### YOUR INSTRUCTIONS
Return the lines that run from the line containing "Charmingly detailed with" through the end of the entries, both ends included. Leave out all pictures.

START INPUT

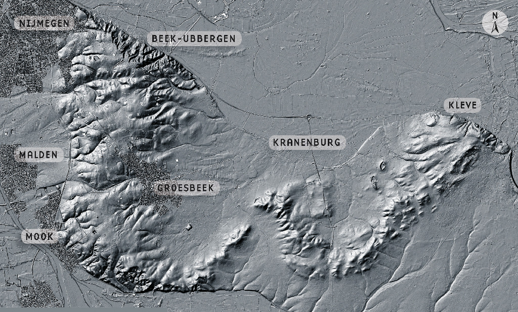 Tijdens de voorlaatste ijstijd, gedurende het Saalien tijdvak, zijn in het grensgebied van Noord-Limburg, Gelderland en net over de Duitse grens stuwwallen gevormd door gletsjertongen komende vanuit Scandinavië. Deze gletsjertongen hebben door hun immense gewicht en kracht de bevroren bodem voor zich tientallen tot soms wel honderd meter omhoog gestuwd. De afbeelding hiernaast laat een duidelijk reliëf zien van het gevormde heuvellandschap rondom Nijmegen en Kleve. Tijdens de laatste ijstijd, in het Weichselien tijdvak, kwam het landijs niet meer tot
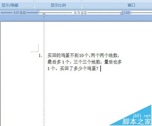 6、按住shift+Enter键,同段落换行,空出需要的空间。然后按下Enter键,编号2出现,即可进入下一题的输入。
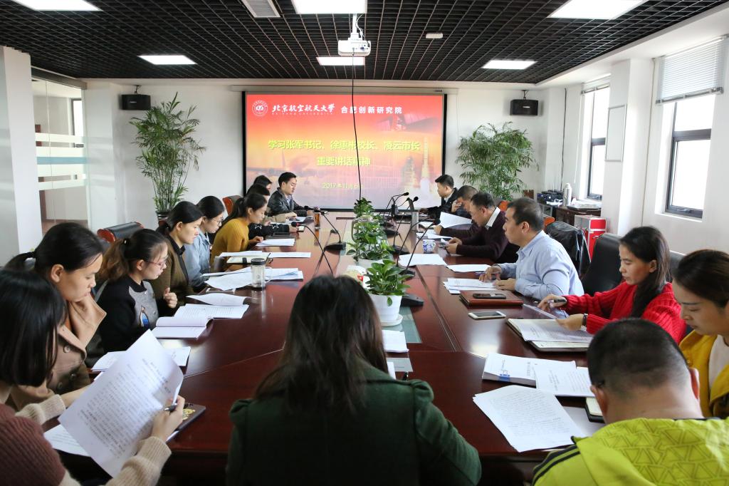 11月6日上午,北航合肥创新研究院组织全体员工认真学习了北航党委书记张军院士、校长徐惠彬院士在“学习贯彻十九大精神,加快推进‘双一流’建设动员部署会”上的重要讲话精神和合肥市委副书记、市长凌云调研北航合肥创新研究院主楼项目后的重要讲话精神。
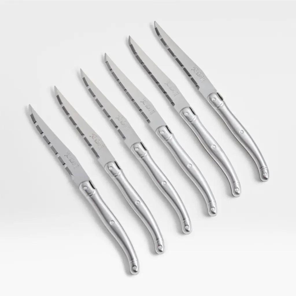 Charmingly detailed with the company's signature bumblebee, the steak knives in this six-piece set are crafted by Laguiole of France, a factory renowned for its exceptional cutlery. Full-tang stainless steel blades are micro-serrated for precise cutting, matched with beautifully brushed handles. Knives nest in a handsome open black storage box, making for safe storage or a lovely gift presentation.
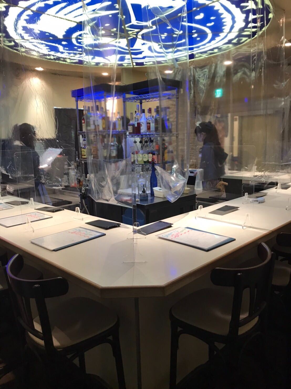 ・各席に防御魔法(ビニールカーテン)を発動します。(構造上設置できない一部店舗はマスク着用など別の対策を実施)

END INPUT

### RESULT OF THIS TASK
 Charmingly detailed with the company's signature bumblebee, the steak knives in this six-piece set are crafted by Laguiole of France, a factory renowned for its exceptional cutlery. Full-tang stainless steel blades are micro-serrated for precise cutting, matched with beautifully brushed handles. Knives nest in a handsome open black storage box, making for safe storage or a lovely gift presentation.
 ・各席に防御魔法(ビニールカーテン)を発動します。(構造上設置できない一部店舗はマスク着用など別の対策を実施)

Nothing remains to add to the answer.